### Description of the task
Look through the material below. Return exactly the lines from the one with "Soldados patrullan un" through the one with "aeaversa commented on", both included.

### Exercise material
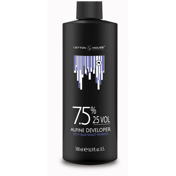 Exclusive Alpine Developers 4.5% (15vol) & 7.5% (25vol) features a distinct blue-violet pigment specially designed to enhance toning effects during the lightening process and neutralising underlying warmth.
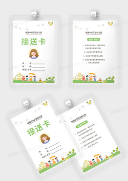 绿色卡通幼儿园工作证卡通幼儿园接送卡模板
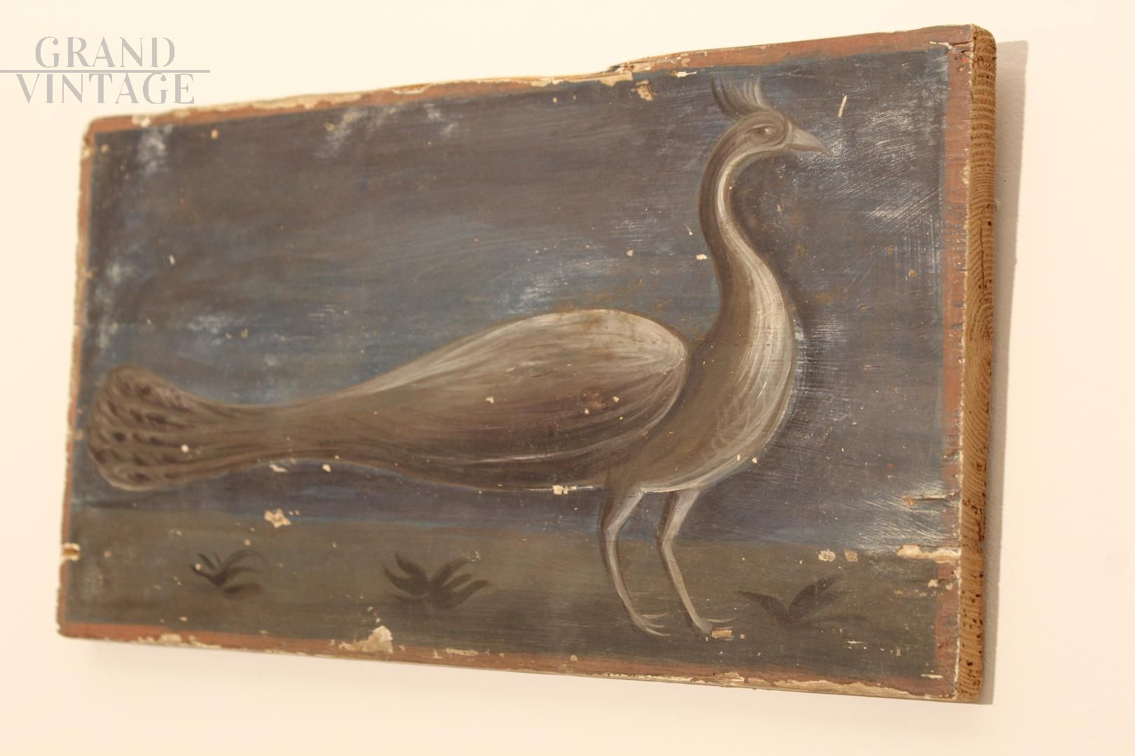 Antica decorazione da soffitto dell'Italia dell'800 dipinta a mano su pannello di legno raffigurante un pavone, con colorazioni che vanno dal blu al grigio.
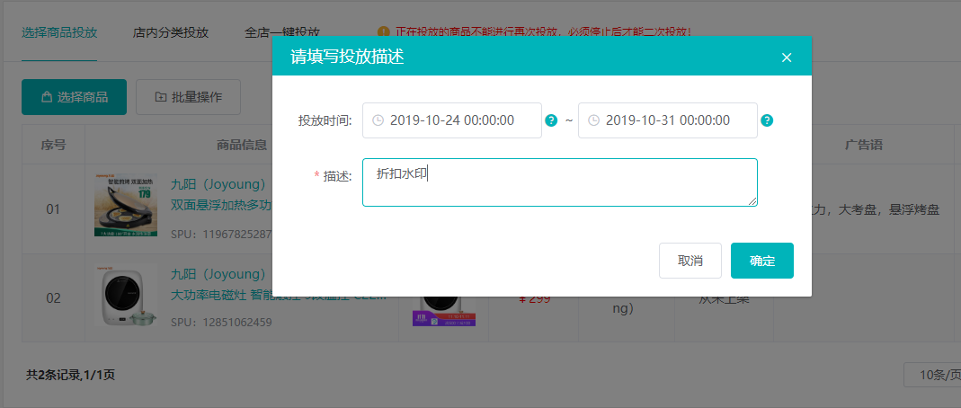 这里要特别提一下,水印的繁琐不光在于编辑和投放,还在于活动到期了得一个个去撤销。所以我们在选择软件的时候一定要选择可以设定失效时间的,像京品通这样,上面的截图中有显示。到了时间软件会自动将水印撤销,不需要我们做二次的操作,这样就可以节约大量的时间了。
==
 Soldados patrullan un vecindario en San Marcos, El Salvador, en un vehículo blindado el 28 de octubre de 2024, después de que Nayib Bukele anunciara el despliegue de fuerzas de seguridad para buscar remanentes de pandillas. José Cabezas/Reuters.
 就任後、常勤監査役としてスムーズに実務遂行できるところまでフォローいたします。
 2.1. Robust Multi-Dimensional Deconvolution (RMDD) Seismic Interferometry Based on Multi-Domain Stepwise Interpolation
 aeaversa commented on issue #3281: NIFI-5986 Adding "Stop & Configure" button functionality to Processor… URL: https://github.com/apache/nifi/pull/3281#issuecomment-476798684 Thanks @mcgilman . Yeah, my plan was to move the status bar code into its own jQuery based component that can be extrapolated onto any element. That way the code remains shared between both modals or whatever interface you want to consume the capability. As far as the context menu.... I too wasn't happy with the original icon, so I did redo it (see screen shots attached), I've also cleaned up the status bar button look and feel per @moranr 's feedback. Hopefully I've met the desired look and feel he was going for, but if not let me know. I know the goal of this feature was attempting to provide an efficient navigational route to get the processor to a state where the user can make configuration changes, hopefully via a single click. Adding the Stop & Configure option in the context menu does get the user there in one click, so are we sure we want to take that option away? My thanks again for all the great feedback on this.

### Output
 Soldados patrullan un vecindario en San Marcos, El Salvador, en un vehículo blindado el 28 de octubre de 2024, después de que Nayib Bukele anunciara el despliegue de fuerzas de seguridad para buscar remanentes de pandillas. José Cabezas/Reuters.
 就任後、常勤監査役としてスムーズに実務遂行できるところまでフォローいたします。
 2.1. Robust Multi-Dimensional Deconvolution (RMDD) Seismic Interferometry Based on Multi-Domain Stepwise Interpolation
 aeaversa commented on issue #3281: NIFI-5986 Adding "Stop & Configure" button functionality to Processor… URL: https://github.com/apache/nifi/pull/3281#issuecomment-476798684 Thanks @mcgilman . Yeah, my plan was to move the status bar code into its own jQuery based component that can be extrapolated onto any element. That way the code remains shared between both modals or whatever interface you want to consume the capability. As far as the context menu.... I too wasn't happy with the original icon, so I did redo it (see screen shots attached), I've also cleaned up the status bar button look and feel per @moranr 's feedback. Hopefully I've met the desired look and feel he was going for, but if not let me know. I know the goal of this feature was attempting to provide an efficient navigational route to get the processor to a state where the user can make configuration changes, hopefully via a single click. Adding the Stop & Configure option in the context menu does get the user there in one click, so are we sure we want to take that option away? My thanks again for all the great feedback on this.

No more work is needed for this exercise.